At that time if your family had some one who worked for the government in the North, even just a regular soldier, you tried to remember if you knew anybody in the new government so you could feel safe at last, and say, "Oh, we have somebody who fought against South Vietnamese!" That psychology confused me because before that time you dare not say that you knew someone in the North or had a relative fighting in the other army. Nobody told anybody that but immediately everybody knew that and knew what to do. Everybody as suddenly wearing the North Vietnamese flag, the Viet Cong flag. The flag was a security or a credit card that could save your life at last. Everybody had a flag of the Vietcong. Nobody announced it but everybody knew it. It made me scared because the people were so scared that they seemed to lose their sanity, their reason, they could not think any more. I had a blue shirt that I loved but we had to tear it up to make a flag and I cried when we did that, and I remember how silly it was. My brother was athletic and he had a pair of shorts that were yellow and we used them to cut the star from and we then made the flag and hung it in front of the house. And once that flag was up the family felt safe. Everybody seemed to do that and the atmosphere was a lot different. People seemed at that time suddenly to look at the world a different way.
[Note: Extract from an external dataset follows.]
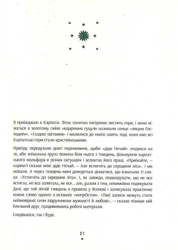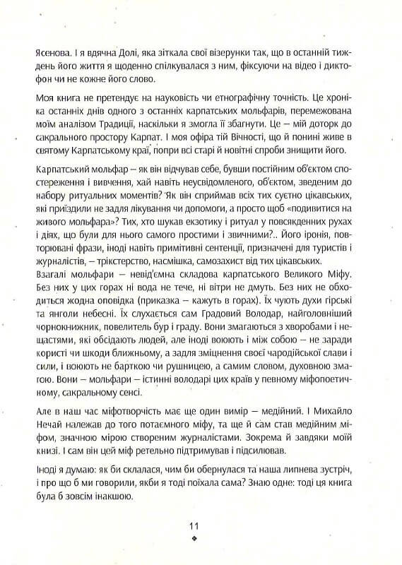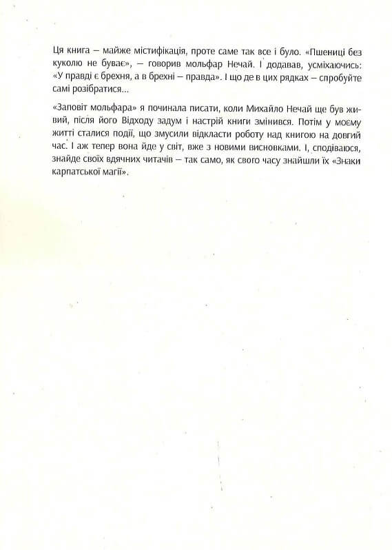 В основу книги лягли розмови зі справжнім “непрОстим” – мольфаром Нечаєм, доповнені роздумами Громовиці Бердник про карпатське мольфарство як складову світової шаманської традиції. Робота над цією книгою поклала початок багатолітній дружбі авторки з Михайлом Нечаєм — карпатським примівником, мольфаром і майстром Традиції. Ілюстрації не менш прекрасні за текст – Анастасія Стефурак вміє приворожити читача настільки, що розумієш: художники – це ті самі мольфари, тільки з пензликом чи планшетом замість чарівної палички.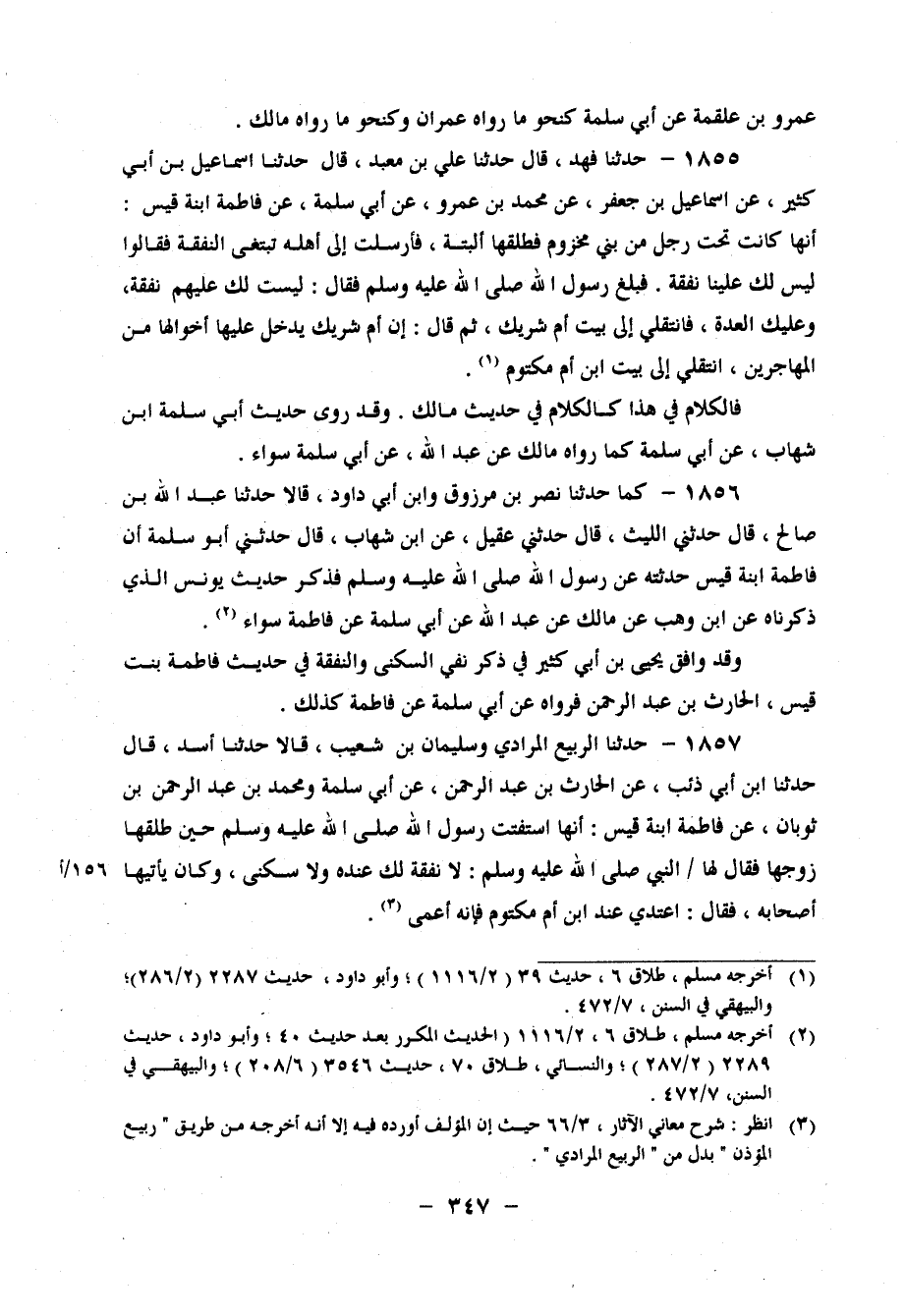 1855 - حَدَّثَنَا فَهْدٌ، قَالَ: حَدَّثَنَا عَلِيُّ بْنُ مَعْبَدٍ، قَالَ: حَدَّثَنَا إِسْمَاعِيلُ بْنُ أَبِي كَثِيرٍ، عَنْ إِسْمَاعِيلَ بْنِ جَعْفَرٍ، عَنْ مُحَمَّدِ بْنِ عَمْرٍو، عَنْ أَبِي سَلَمَةَ، عَنْ فَاطِمَةَ ابْنَةِ قَيْسٍ، أَنَّهَا كَانَتْ تَحْتَ رَجُلٍ مِنْ بَنِي مَخْزُومٍ، فَطَلَّقَهَا الْبَتَّةَ، فَأَرْسَلَتْ إِلَى أَهْلِهِ تَبْتَغِي النَّفَقَةَ، فَقَالُوا: لَيْسَ لَكِ عَلَيْنَا نَفَقَةٌ فَبَلَغَ رَسُولَ اللهِ صَلَّى اللَّهُ عَلَيْهِ وَسَلَّمَ، فَقَالَ: " لَيْسَتْ لَكِ عَلَيْهِمْ نَفَقَةٌ، وَعَلَيْكِ الْعِدَّةُ، فَانْتَقِلِي إِلَى بَيْتِ أُمِّ شَرِيكٍ "، ثُمَّ قَالَ: " إِنَّ أُمَّ شَرِيكٍ يَدْخُلُ عَلَيْهَا أَخْوَالُهَا مِنَ الْمُهَاجِرِينَ، انْتَقِلِي إِلَى بَيْتِ ابْنِ أُمِّ مَكْتُومٍ " فَالْكَلامُ فِي هَذَا كَالْكَلامِ فِي حَدِيثِ مَالِكٍ وَقَدْ رَوَى حَدِيثَ أَبِي سَلَمَةَ ابْنُ شِهَابٍ، عَنْ أَبِي سَلَمَةَ، كَمَا رَوَاهُ مَالِكٌ عَنْ عَبْدِ اللهِ، عَنْ أَبِي سَلَمَةَ، سَوَاءً

The liberators used a strange language, even though it was Vietnamese. And some of the people started to imitate that accent. It was so strange.
After a week they divided us into sections and we had a political guy on our block and he told us about Marxism and Leninism and we had to discuss it in a meeting. And what was humiliating about this was that they made us criticize ourselves. Even my father at these meetings had to criticize his own behavior. I remember at this first meeting. He had to say that he killed innocent people. But I knew he didn't kill innocent people because if he didn't kill them they would kill him. But he said that he was a guilty man and he asked for forgiveness for killing what he called an innocent people. And I watched him cry in front of them. And it was the first time I had ever seen my father cry. I had to do the same thing but I didn't have to write it down. And I said that I didn't want my parents to be the way that they were. This was after listening to the guy who talked about Marxism/Leninism and the sacrifices of the North to liberate the South. So I said that I hated people like my parents who did what they did. I said that to survive.